Still the exhibition in its whole results in a chorus that's absolutely in sync with one another. In fact regional, cultural peculiarities give way to an international language that all of them equally use to express their art, despite the different context they come from.   

South East Asia art scene is today completely parallel to other international realities. This is obviously due to the new fluidity of connections and the incredible ease of communication we experience globally since a few years. But this apparent simplification doesn’t come without a side effect: together with the flexibility and rapidity of communication, the revolution of the global system has enhanced the traits of ‘nihilism’. The very value of freedom is now relegated to the individual sphere as a principle of self-determination, beyond ideologies and morals. Our ethical choices are all relative today, we live in the illusion of freedom but we are simply immersed in a kind of ‘transitory’ reality that doesn’t propose a new system of values in place of the traditional one.    

There is nothing that has withstood the corrosion of time, nothing that is worthwhile and that remains. Everything today is fleeting and provisional. We find ourselves living in an archipelago without a center, and this in both senses: the geopolitical one and the cultural one.   

But just when ideologies cloud over, the natural human need to give space to the spiritual sphere nevertheless remains. Rationality and spirituality are two sides of the same coin, and they are both functional and necessary to our existence. Therefore artist in this era is called to play a crucial role, being art, perhaps, the only reserve still intact of spirituality, irrationality, ideas and ideologies. Artists today, whether or not they are aware of it, take on a social responsibility; they are the demiurge of spirituality, the modern ministers capable of evoking mental spaces of freedom. Therefore the spiritual part of us continues to live in art.   

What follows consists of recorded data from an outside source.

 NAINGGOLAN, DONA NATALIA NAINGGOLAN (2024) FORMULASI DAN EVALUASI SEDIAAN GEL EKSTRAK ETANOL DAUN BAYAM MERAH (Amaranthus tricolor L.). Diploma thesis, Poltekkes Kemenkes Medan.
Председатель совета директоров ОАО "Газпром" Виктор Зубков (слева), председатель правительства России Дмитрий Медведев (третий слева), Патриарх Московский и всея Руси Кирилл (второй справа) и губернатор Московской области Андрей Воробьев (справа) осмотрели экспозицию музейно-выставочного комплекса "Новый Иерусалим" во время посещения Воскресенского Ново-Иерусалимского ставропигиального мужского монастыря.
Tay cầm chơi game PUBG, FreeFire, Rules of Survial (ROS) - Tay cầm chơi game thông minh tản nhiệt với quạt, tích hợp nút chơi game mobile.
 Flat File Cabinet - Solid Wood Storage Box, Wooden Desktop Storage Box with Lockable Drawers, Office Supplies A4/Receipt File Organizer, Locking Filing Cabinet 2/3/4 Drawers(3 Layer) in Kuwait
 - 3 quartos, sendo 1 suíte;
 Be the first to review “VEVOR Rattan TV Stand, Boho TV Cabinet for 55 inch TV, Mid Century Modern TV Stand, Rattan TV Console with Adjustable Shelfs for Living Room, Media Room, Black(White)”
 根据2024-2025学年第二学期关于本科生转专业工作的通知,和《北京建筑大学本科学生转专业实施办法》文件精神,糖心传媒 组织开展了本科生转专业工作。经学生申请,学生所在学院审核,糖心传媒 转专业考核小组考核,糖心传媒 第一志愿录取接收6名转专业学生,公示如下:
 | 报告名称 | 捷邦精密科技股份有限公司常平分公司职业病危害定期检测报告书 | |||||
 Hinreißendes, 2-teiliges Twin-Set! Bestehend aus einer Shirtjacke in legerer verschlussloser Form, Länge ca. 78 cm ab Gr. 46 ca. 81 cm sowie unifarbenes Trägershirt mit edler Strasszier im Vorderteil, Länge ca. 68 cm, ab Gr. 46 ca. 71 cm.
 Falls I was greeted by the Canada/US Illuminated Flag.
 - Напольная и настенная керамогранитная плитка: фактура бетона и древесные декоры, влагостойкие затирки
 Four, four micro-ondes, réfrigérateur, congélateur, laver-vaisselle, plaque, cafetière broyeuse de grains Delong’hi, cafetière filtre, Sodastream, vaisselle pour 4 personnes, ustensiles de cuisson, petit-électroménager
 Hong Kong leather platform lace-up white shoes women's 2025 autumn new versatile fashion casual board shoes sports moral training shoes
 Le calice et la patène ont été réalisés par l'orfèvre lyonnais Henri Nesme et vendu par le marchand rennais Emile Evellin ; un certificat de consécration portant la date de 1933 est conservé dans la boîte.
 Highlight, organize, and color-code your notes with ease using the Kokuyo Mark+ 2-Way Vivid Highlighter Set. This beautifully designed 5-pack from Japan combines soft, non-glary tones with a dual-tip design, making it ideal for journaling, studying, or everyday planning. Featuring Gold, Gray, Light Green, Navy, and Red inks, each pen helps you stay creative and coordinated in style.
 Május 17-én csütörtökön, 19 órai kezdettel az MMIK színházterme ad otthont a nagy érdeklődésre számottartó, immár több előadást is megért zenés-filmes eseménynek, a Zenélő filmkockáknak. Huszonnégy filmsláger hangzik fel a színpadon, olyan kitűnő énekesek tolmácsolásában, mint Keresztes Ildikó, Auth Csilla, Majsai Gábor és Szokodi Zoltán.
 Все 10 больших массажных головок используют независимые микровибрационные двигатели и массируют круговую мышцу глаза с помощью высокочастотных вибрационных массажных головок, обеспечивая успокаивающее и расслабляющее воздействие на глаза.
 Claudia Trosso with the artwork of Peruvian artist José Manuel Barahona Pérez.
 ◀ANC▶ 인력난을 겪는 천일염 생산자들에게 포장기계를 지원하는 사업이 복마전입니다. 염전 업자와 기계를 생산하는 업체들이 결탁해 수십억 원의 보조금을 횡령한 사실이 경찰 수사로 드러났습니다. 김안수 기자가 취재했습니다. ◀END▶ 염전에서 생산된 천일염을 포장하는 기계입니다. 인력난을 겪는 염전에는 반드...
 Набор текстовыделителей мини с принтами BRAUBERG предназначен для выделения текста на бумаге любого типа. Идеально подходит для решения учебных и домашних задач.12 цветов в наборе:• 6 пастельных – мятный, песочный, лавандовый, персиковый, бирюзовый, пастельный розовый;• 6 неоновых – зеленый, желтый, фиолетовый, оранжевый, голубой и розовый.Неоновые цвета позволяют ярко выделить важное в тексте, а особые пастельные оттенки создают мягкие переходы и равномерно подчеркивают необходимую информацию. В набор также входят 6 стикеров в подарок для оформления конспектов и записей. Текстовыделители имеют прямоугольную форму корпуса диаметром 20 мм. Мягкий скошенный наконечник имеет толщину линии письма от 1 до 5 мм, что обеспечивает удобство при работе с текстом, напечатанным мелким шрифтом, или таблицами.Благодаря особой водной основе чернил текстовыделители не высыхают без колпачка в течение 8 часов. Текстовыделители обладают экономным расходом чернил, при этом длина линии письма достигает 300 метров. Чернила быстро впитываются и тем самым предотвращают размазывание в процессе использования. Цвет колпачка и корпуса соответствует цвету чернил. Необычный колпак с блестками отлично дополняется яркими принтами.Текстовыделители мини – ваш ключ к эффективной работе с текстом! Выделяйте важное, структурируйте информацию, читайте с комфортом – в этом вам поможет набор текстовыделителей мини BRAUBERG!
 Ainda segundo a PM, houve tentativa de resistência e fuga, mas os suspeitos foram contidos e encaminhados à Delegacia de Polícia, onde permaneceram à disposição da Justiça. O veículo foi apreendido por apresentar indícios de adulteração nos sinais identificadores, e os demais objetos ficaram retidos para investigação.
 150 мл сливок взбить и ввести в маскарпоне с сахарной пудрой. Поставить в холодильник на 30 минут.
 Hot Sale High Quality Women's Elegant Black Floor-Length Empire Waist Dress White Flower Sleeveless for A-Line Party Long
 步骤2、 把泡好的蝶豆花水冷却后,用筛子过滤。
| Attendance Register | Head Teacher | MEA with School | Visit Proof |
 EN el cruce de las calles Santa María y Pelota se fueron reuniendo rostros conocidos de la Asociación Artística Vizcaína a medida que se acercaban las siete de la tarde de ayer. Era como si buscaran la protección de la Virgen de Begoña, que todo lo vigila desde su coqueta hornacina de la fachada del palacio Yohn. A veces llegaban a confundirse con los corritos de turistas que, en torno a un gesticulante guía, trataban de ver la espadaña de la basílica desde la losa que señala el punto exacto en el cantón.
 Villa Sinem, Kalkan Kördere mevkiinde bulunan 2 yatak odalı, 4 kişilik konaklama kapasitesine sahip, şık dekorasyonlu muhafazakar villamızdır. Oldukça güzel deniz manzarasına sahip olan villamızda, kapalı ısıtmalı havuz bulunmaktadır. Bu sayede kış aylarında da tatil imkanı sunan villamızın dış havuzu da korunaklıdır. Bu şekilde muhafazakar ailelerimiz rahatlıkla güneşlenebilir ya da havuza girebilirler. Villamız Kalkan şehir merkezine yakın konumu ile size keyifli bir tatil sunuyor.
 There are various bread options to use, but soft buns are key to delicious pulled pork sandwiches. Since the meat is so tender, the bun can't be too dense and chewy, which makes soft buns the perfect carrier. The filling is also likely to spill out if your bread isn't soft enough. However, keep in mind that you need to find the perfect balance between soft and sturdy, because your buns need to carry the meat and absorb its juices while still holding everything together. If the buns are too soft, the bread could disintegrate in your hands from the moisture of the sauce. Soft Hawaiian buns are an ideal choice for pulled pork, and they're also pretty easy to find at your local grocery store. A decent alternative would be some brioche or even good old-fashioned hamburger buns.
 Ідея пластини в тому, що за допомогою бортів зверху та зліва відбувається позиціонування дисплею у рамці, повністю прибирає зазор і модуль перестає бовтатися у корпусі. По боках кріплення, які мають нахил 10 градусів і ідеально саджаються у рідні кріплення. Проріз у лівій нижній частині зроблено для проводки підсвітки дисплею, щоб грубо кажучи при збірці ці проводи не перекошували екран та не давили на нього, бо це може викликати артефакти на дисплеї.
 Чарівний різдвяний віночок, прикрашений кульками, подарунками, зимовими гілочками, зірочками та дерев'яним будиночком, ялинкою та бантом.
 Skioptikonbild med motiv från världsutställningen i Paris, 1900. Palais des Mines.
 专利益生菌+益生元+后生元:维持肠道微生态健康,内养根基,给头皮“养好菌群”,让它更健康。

As modern rebels, artists, while making art, express freedom and independence. Art represents a human sphere capable of resisting automatism and nihilism. It represents the ancient freedom in a modern guise: substantial, elementary freedom that survives in spite of everything.   

In fact, it is the immateriality of art that fascinates us. We fall in love with the void, not with the full, because beauty and magic are transcendence, and not materiality. For this reason the language of art has to do with the spiritual so much that it seems stolen from the language of the mystics. If reality in its concreteness cannot stimulate us, because it leaves no room for creation, vitality and beauty exist only where there are construction, projection, invention and ideation. We are irreducibly trapped in our solitude, and if transcendence is given, it runs through the space that exists between nature and its transfiguration. Therefore artistic creation is what fascinates us and keeps us alive, it’s not simply nature, but it’s what, starting from nature, we are able to create.